◆ Data block
********************

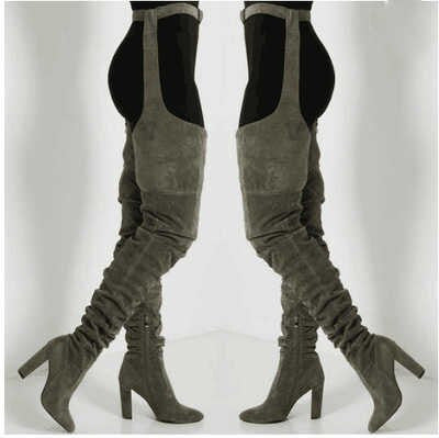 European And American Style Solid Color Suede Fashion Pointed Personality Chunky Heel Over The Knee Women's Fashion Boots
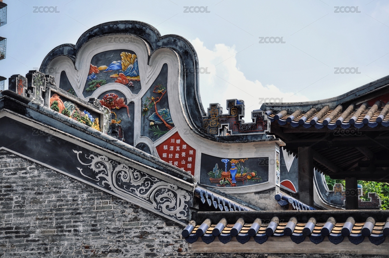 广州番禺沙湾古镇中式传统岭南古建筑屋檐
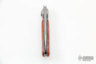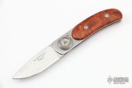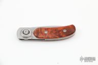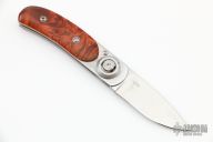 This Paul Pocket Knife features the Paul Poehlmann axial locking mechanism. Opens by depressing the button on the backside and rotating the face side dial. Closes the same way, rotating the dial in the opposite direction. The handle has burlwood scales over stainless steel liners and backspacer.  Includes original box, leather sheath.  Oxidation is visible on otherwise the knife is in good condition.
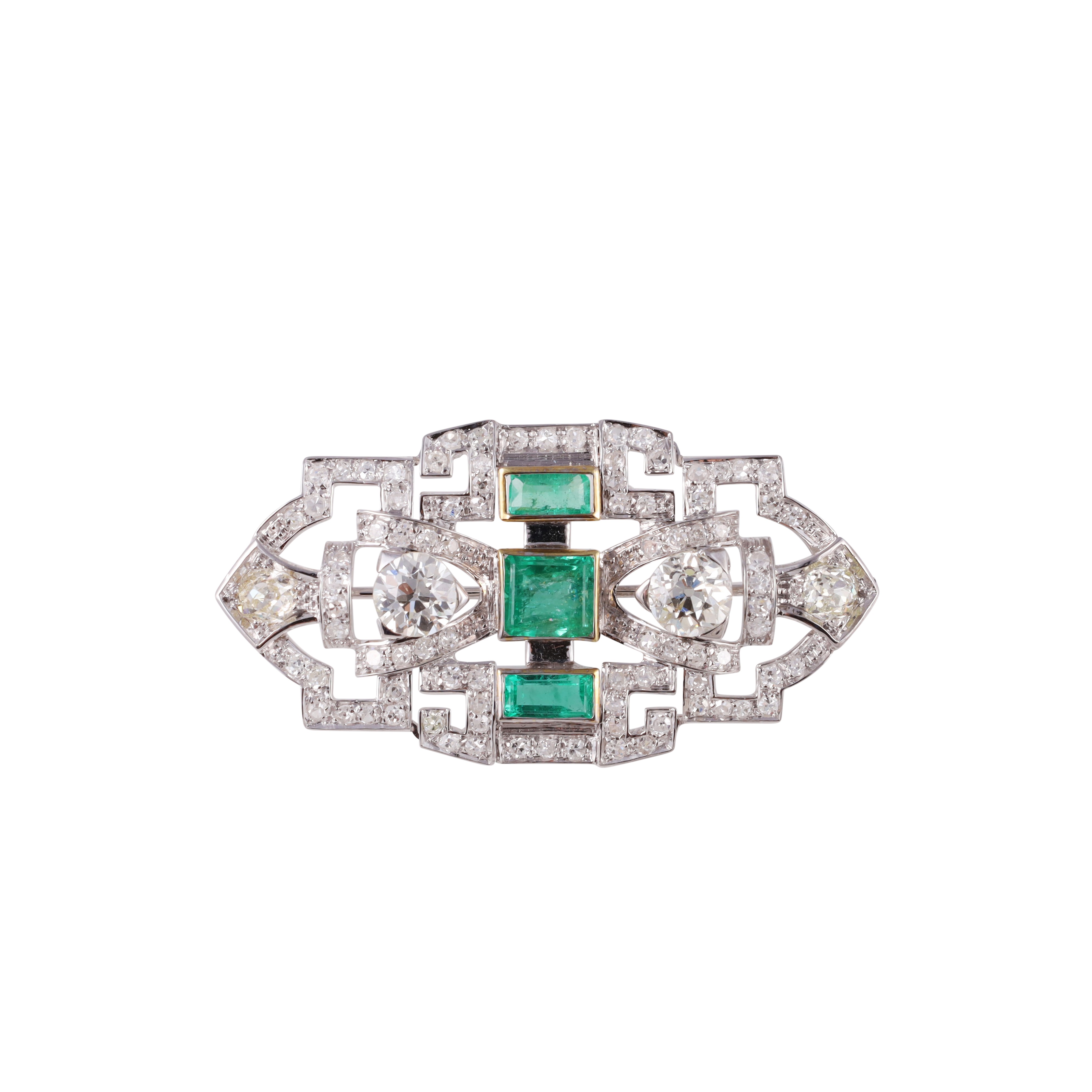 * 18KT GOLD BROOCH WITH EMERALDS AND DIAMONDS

********************

◆ Required action
Write out all the data exactly, minus pictures.

◆ Solution to this task
 European And American Style Solid Color Suede Fashion Pointed Personality Chunky Heel Over The Knee Women's Fashion Boots
 广州番禺沙湾古镇中式传统岭南古建筑屋檐
 This Paul Pocket Knife features the Paul Poehlmann axial locking mechanism. Opens by depressing the button on the backside and rotating the face side dial. Closes the same way, rotating the dial in the opposite direction. The handle has burlwood scales over stainless steel liners and backspacer.  Includes original box, leather sheath.  Oxidation is visible on otherwise the knife is in good condition.
 * 18KT GOLD BROOCH WITH EMERALDS AND DIAMONDS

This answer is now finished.